Horsetail (Equisetum arvense), also called Mare’s tail, has got to be the most hated of all weeds. It’s the hardest ever to get rid of. That is not an exaggeration. I am telling you, it has made this Novice Gardener weep, given her nightmares, and possibly caused her craving of salt & vinegar potato chips.
So, horsetail looks innocent enough. In fact, it can look beautiful in that alien sort of way. Very sculptural. I mistook it for a pine tree seedling when one stalk appeared out of the mulch years ago. Neglect and ignorance led to the whole area later blanketed by the gold absorbing plants.
Yes, that’s right. It may be one of the few redeeming qualities of horsetail. It can accumulate gold in its cells. The others being its rough, wiry leaves so rich in silica that you can use them like a scouring pad, and supposedly taken as an herbal supplement to strengthen hair and nails.

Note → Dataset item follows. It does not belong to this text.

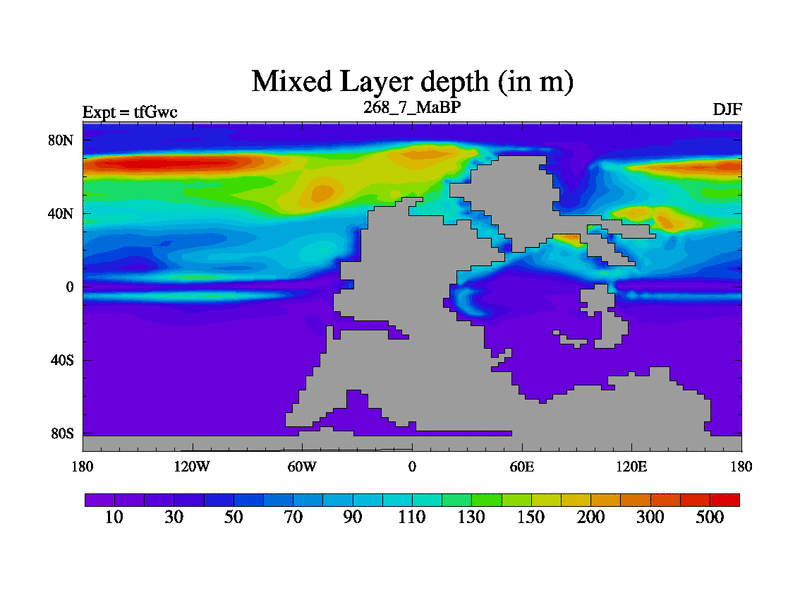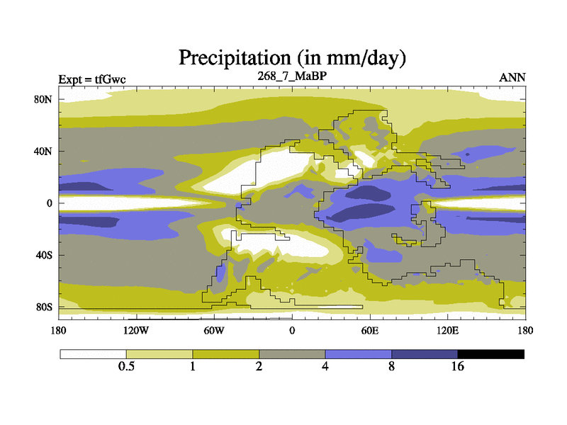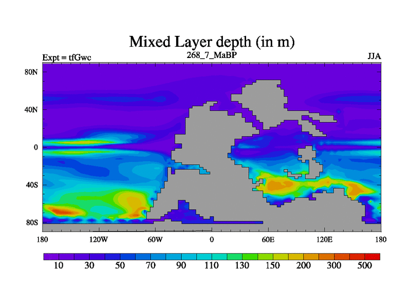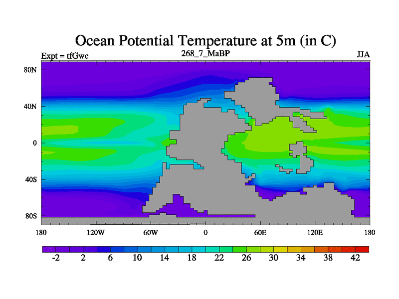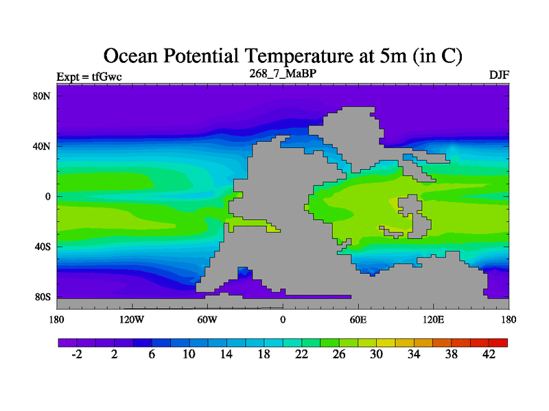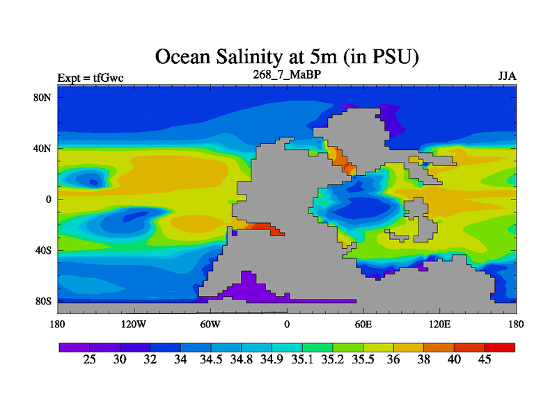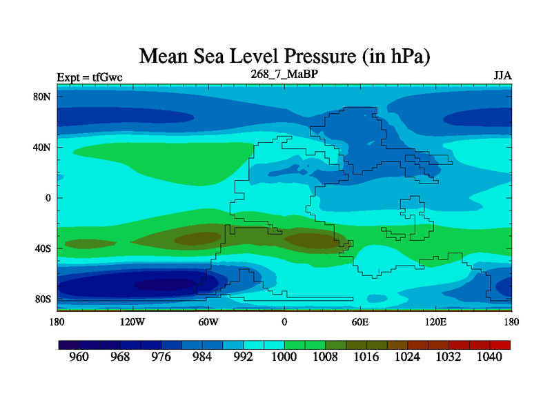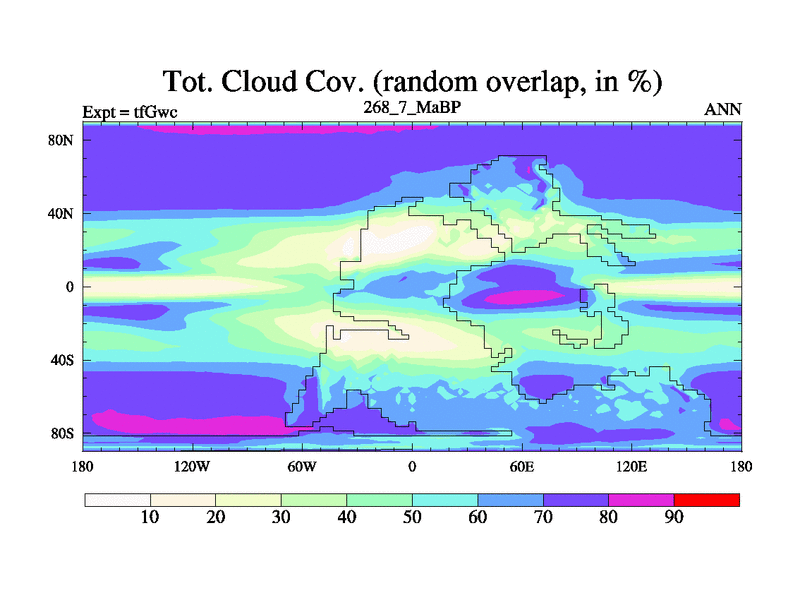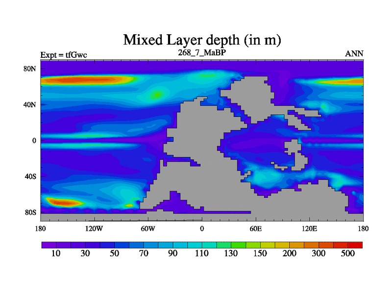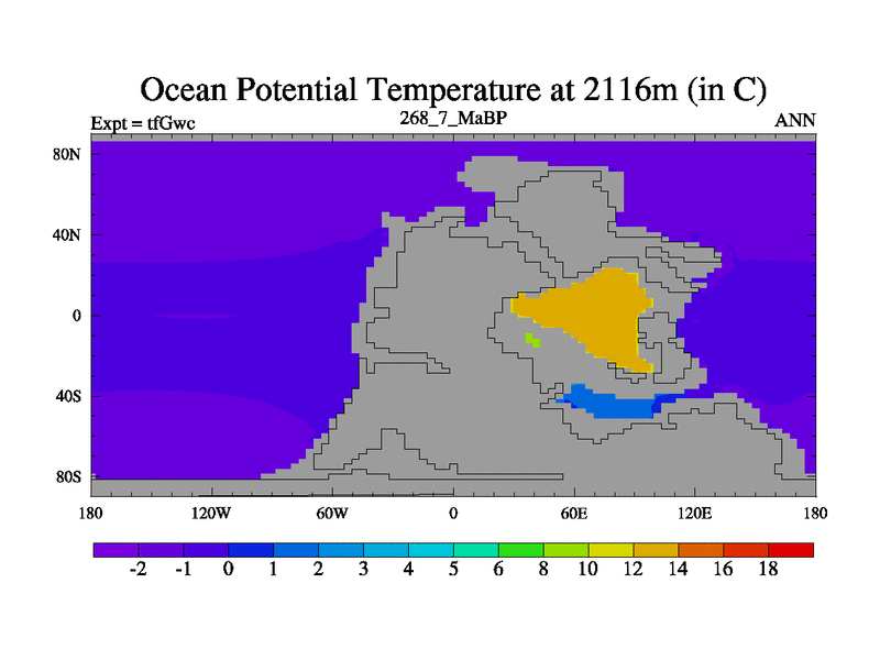 This is the 268.7 Ma simulation using the Scotese palaeogeographies and revised CCN etc. This version has islands included. Started from end of teYec.

There’s some chatter online about its ability to remove cellulite. I’ve met this cellulite. Believe me, you don’t want it around. Which, I guess, could pose a dilemma if you have both horsetail and cellulite.
Some people also mention that the young shoots in the spring are edible, but I’m not taking their word for it, because there are also mentions that they are poisonous, enough to kill pasture animals.
The side yard where the horsetail abounds had been designed, then redesigned, several times, all to work around the horsetail. Or precisely, to contain the offending weed. After 5 years, it’s hard to tell who’s winning, the gardener or the horsetail.
The latest round of horsetail removal blitz involves pulling out all other vegetation in the area, digging out as much horsetail as possible, applying a thick sprinkling of lime, wait for 2 weeks. Then, it starts all over again. Digging, sprinkling, and waiting.
On the surface, there is less horsetail now, but who knows deep down. Roots are probably spreading and plotting revenge. Now someone on the internet mentions planting turnips to discourage horsetail. So, I’ll give it a try. Turnip seeds will be planted thickly and we shall see.
Hopefully, the neighbors won’t question our sanity. Growing turnips in a public area. But just maybe, maybe they won’t notice. They’re not exactly the gardening type.